Task requirements>
The lines from the one containing "dan tisu nonwoven" to the end of the entries, both included, are what you need to transcribe exactly, without pictures and without anything else.

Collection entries
● ● ● ●
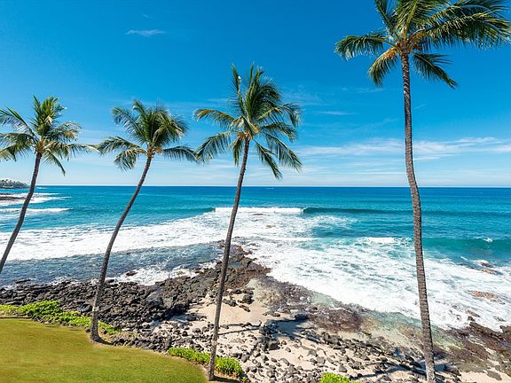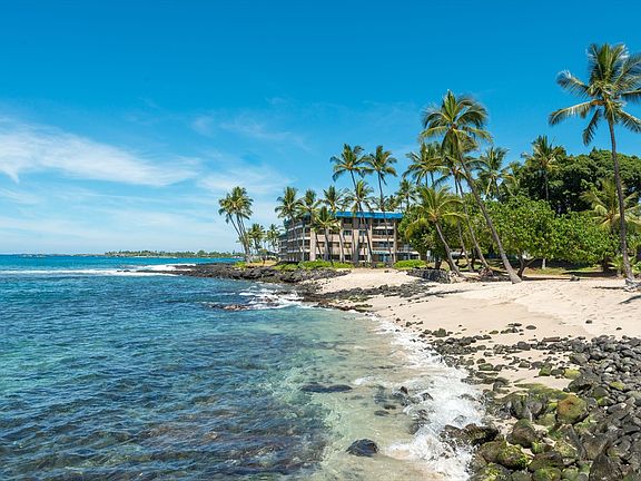 Top-Floor, Direct Oceanfront, Penthouse Unit with Stunning Views of the Surf Break and Kailua Bay. Watch Cruise Ships come and go from your Covered Oceanfront Lanai. Air-conditioned 1-bedroom, 1-bath unit with additional Murphy Bed option in Livingroom. Wood Cabinets, Corian Counters, Newer Appliances. Ceramic Tile Flooring in Kitchen, Entry, and Bath. Carpet in Livingroom and Bedroom. Bath has Ceiling with Crown Molding and Tile Trim. This Popular Vacation Rental is Sold Turn-key Furnished in Tropical Décor. Oceanfront Unit D-34. The Kona Reef Complex is located just south of town, adjacent to Sandy Honl's Beach Park. It offers an Oceanfront Pool, Spa, and BBQ Facilities. A Short Pathway through the Garden leads to the Sandy Beach nextdoor. The Concrete Buildings have Elevators and offer both above and Underground Parking. Long-term parking and additional storage is available subject to a short waiting list. Reasonable association dues of $581 monthly. Pets are not allowed. The Reef is a Very Popular Vacation Rental Complex. Short 1-Block Distance to Town, Restaurants, Nightlife, Shopping, and the Pier. Additional Beaches nearby. Attractive 30-year Fixed-rate Financing is available from local banks. Currently very easy to see! View a Video of Oceanfront Unit D-34 at the following site: https://player.vimeo.com/external/452002726.hd.mp4?s=ac861015b2b719b20ce2a95a7ac8160bfcb03a8a&profile_id=175
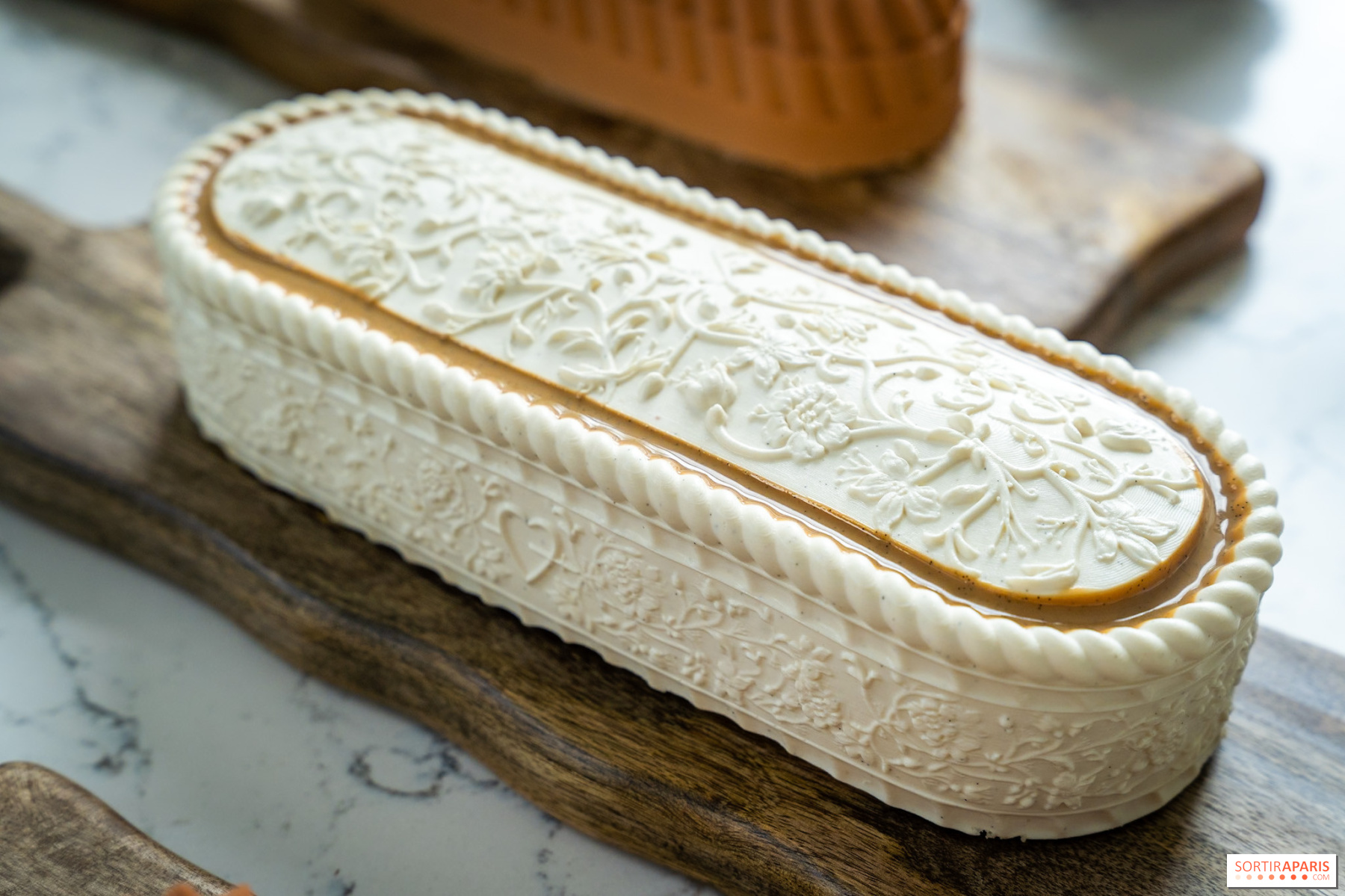 Cette bûche classique met en valeur la vanille de l'île de La Réunion, le beurre, le lait et la crème de Normandie. Une création qui s'adresse aux amateurs de saveurs franches et généreuses, travaillée avec la technique irréprochable du chef.
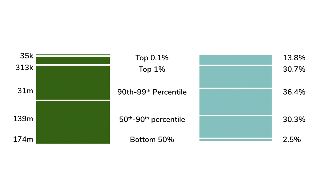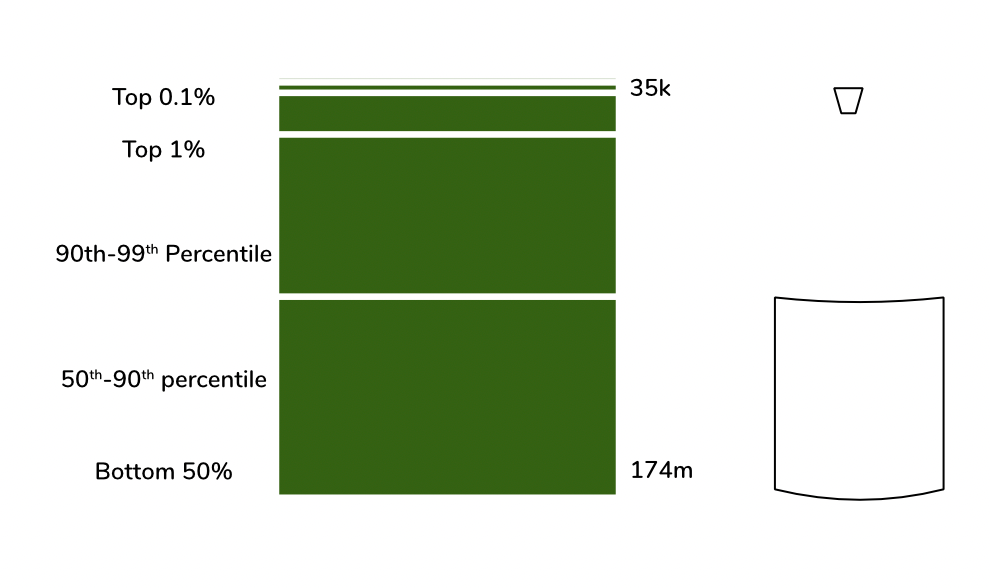 We'll consider the people in that 0.1% percentile to be like a thimble. Thimbles come in different sizes and are generally around 5-10mL of volume. We have a population of 348m, with 0.1% with enough wealth accumulation to be distinctly comparable to the rest of the population. That works out to about 35k. The bottom 50% of our population is 174m. Translate that mL to US standard volume, and that 174m works out to about a 10gal bucket. The volume comparisons are rough, but something that's really easy to go out and get a physical sense of the difference we're talking about. Putting a 2-d graphic together at scale, the thimble is barely seen.
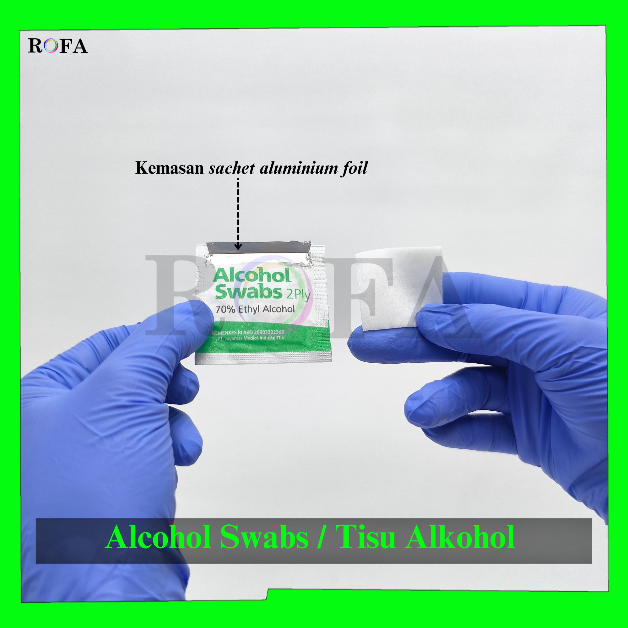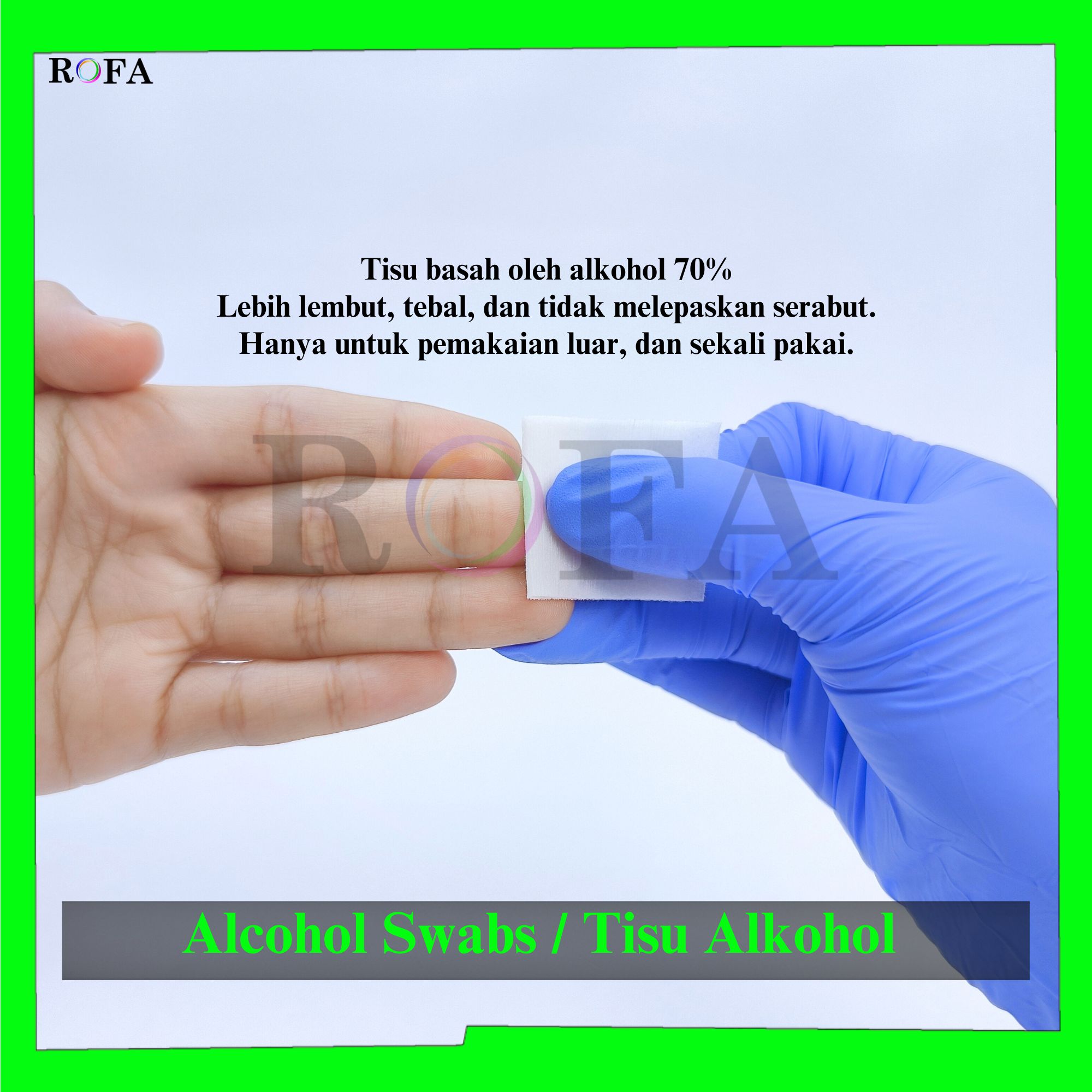 • Bahan: Etil alkohol 70%, dan tisu nonwoven
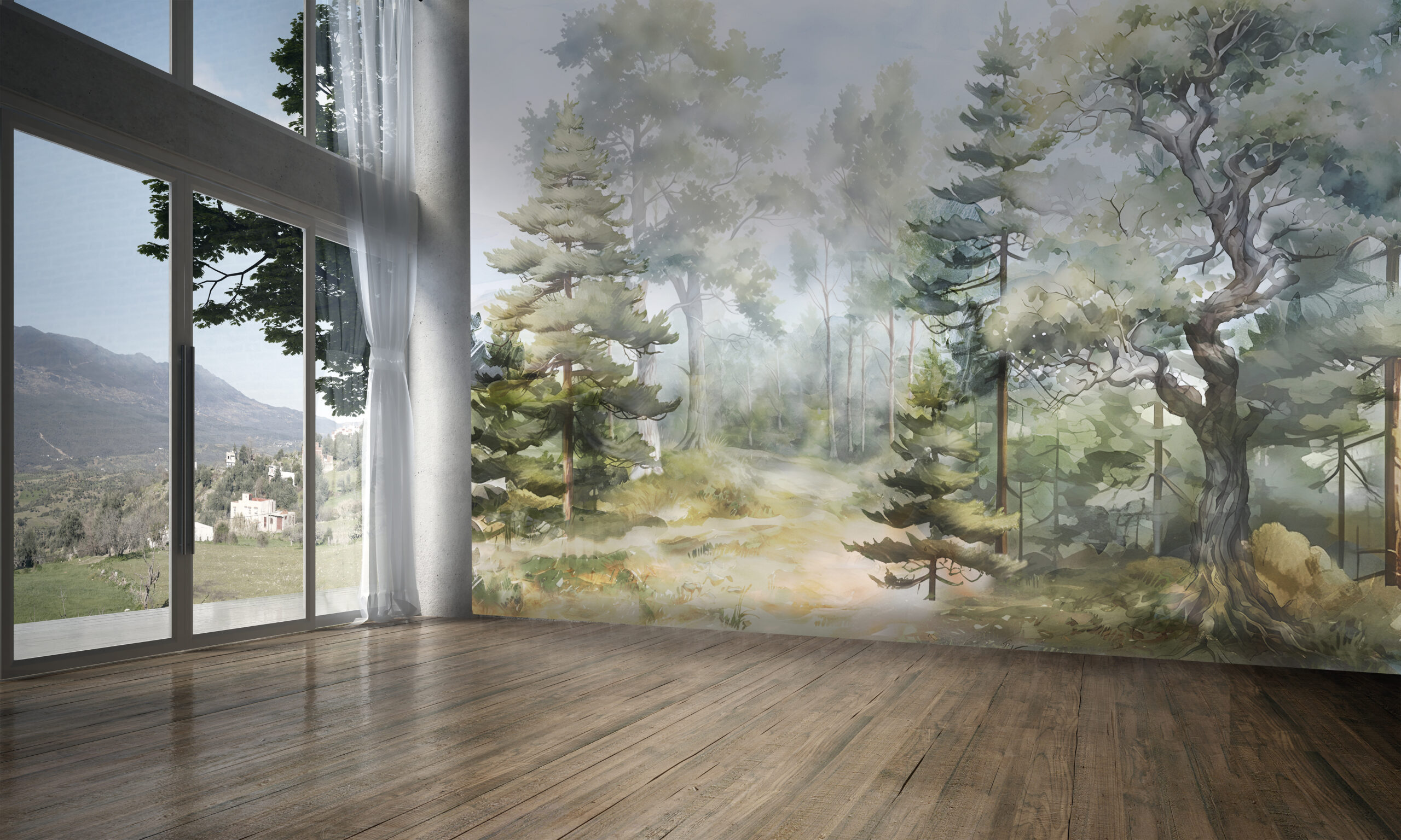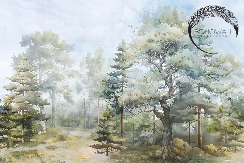 Обои для создания уюта в спальне: Эти расслабляющие, медитативные обои настраивают на глубокий, восстановительный сон. Просыпаться и засыпать в объятиях такого леса — значит каждый день совершать микропутешествие, очищающее мысли.
● ● ● ●
Answer section>
 • Bahan: Etil alkohol 70%, dan tisu nonwoven
 Обои для создания уюта в спальне: Эти расслабляющие, медитативные обои настраивают на глубокий, восстановительный сон. Просыпаться и засыпать в объятиях такого леса — значит каждый день совершать микропутешествие, очищающее мысли.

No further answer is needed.